Thank you so much for your series on the rise of fundamental
Christianity. I particularly enjoyed the essay that described the Five
Fundamentals and the one on the First Fundamental - the inerrancy of the
Bible. I have wondered whether the Bible itself ever claims to be the
inerrant word of God. I recognize the difficulty of this question, since
the Bible itself is a hodgepodge of many books that have been bundled
together over the ages. What I have found, however, is that discussing
biblical scholarship with fundamentalists usually gets me precisely nowhere.
They are unwilling to recognize that Moses could not have written the Torah,
or that the gospels were written years after Jesus' death. They continue to
believe that the books of the Bible arose more or less intact in that
particular order and mystically assembled themselves into a unit. They
insist that the obvious contradictions or factual errors are just our
misunderstanding of "the Word." They propose that the "texts of terror"

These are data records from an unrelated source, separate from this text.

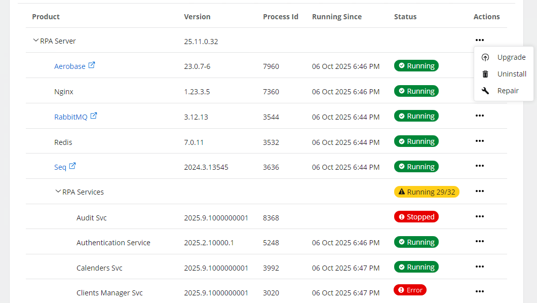 The System Manager provides tools to monitor and manage the RPA server for machine-level services like RabbitMQ, Redis, and Seq. This feature allows you to: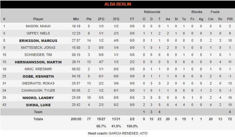 Clave 2. Más incisivos: Ponsarnau decisivo. Tras el descanso, el técnico de Tárrega facilitó a sus jugadores el camino directo hacia el aro. El cambio de paradigma encontró el resquicio definitivo en la estrategia enemiga. Loyd y Abalde se hicieron notar ante una rotación desfondada. La ausencia de Siva y la minutada de Hermansson o Giedraitis ahogó al Alba de Berlín en el cuarto decisivo. Van Rossom (11 asistencias) dirigió con acierto a los suyos.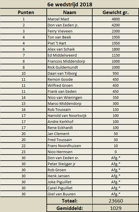 Was het vorig jaar toch vooral aan de linke zijde van het parcours, vandaag waren de beste plekken toch rechts van de brug. De 3e plaats was vandaag voor Ferry Vieveen die zijn kopplek goed uitbuitte met 2,3 kg, de 2e plaats was voor onze Grote Kampioen Don van Eeden jr. die een gevarieerde vangst had op de feeder en vaste stok met 4,2 kg maar dagwinnaar werd Marcel Mast met een aardig net brasems en 4,8 kg. Proficiat heren.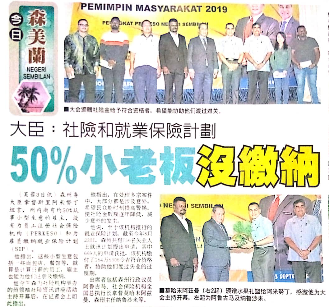 Tajuk :Seremban- MBNS dalam Majlis Perasmian Program PERKESO Bersama Pemimpin Masyarakat Tahun 2019 di Klana Resort, Seremban semalam. Beliau menyarankan agar lebih ramai mencarum dalam skim yang disediakan demi kebaikan sekiranya berlaku kemalangan keatas pencarum. Skuad PERKESO Prihatin ditubuhkan bagi menangani setiap aduan dan permohonan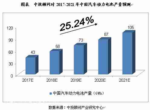 綜合以上因素,我們預(yù)計(jì),2017年我國汽車動(dòng)力電池產(chǎn)量將達(dá)到43GWh,未來五年(2017-2021)年均復(fù)合增長率約為25.24%,2021年將達(dá)到105GWh。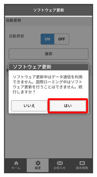 - 自動更新機能をONにしていると、最新のソフトウェアがある場合はソフトウェアが更新されます。通信中、ローミング中、また電池残量が30%未満の場合は更新が開始されません。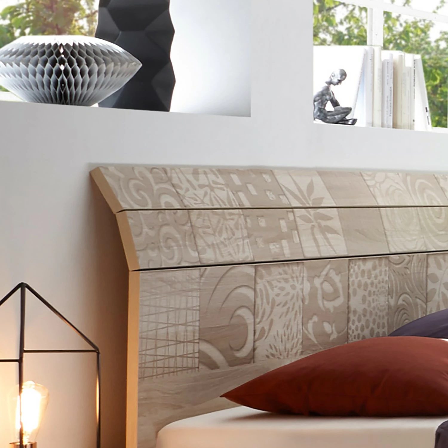 - Kopfteil: Eiche Sonoma Dekor mit Siebdruck

have been misinterpreted to justify the social evils of slavery, racism, and
sexism, or - worse - fundamentalists continue to quietly believe that these
social evils are indeed ordained by God! So, I want to take the argument
back into their court. I want to challenge the fundamentalists to prove to
me, via the Bible, that the Bible actually claims to be the inerrant word of
God. If the Bible itself doesn't claim it, why do they believe such an
outlandish claim? And my question to you is: does the Bible anywhere make
this claim?
The immediate and short answer is no, though fundamentalists
will quote various texts (like II Timothy 3:16) to prove it does. The
problem with that text is that when it was written there was no such thing
as the Bible as we now know it. The New Testament had not yet come into
being. The fact is that even to ask the question the way you did makes a
presupposition that is quite fundamentalist and thus plays right into the
hands of this absurdity - for even if a particular book of the Bible were to
contain that claim, the author of that book would have had no idea that his
work would someday be included in a book called the Bible. The various
texts that together we Christians now call the Bible were written over more
than a thousand years between about 1000 BCE and 135 CE. It was not a
single book by a single author but rather 66 separate books (and even more
if we count the Apocrypha), written by a variety of authors. None of these
authors believed that someday their words would be invested with either
holiness or inerrancy. When the authors of the books that we now call the
New Testament referred to scripture (Matt 12:10, 15:2,3, Luke 4:21, 22:27
and John 2:22, 7:38, 3:42, 10:35, 12:18, 17:12, 19:24, 19:28, 19:36-37,
20:9, and even the author of II Timothy to which I referred to earlier),
they are referring only to the Hebrew Scriptures, since at that time there
was no New Testament.
It is noteworthy that when the author of II Timothy wrote
that all "scripture is given by inspiration of God," he was referring to the
Old Testament since again, at that time, there was no such thing as the New
Testament.
So the claim that the Bible is the inerrant word of God is
itself a non-scriptural term and indeed was imposed on the texts of the
Bible at a much later time to meet the need of church leaders to have an
ally in their struggles to clarify their authority. If the "Word of God"
agrees with me then clearly my position is the correct one. There arose
from that corruption of both truth and rationality the incredible number of
abuses about which I have spoken so often in this column from
biblically-endorsed racism, sexism and homophobia to biblically-endorsed
war, persecution, and torture. Hope this clarifies your concern.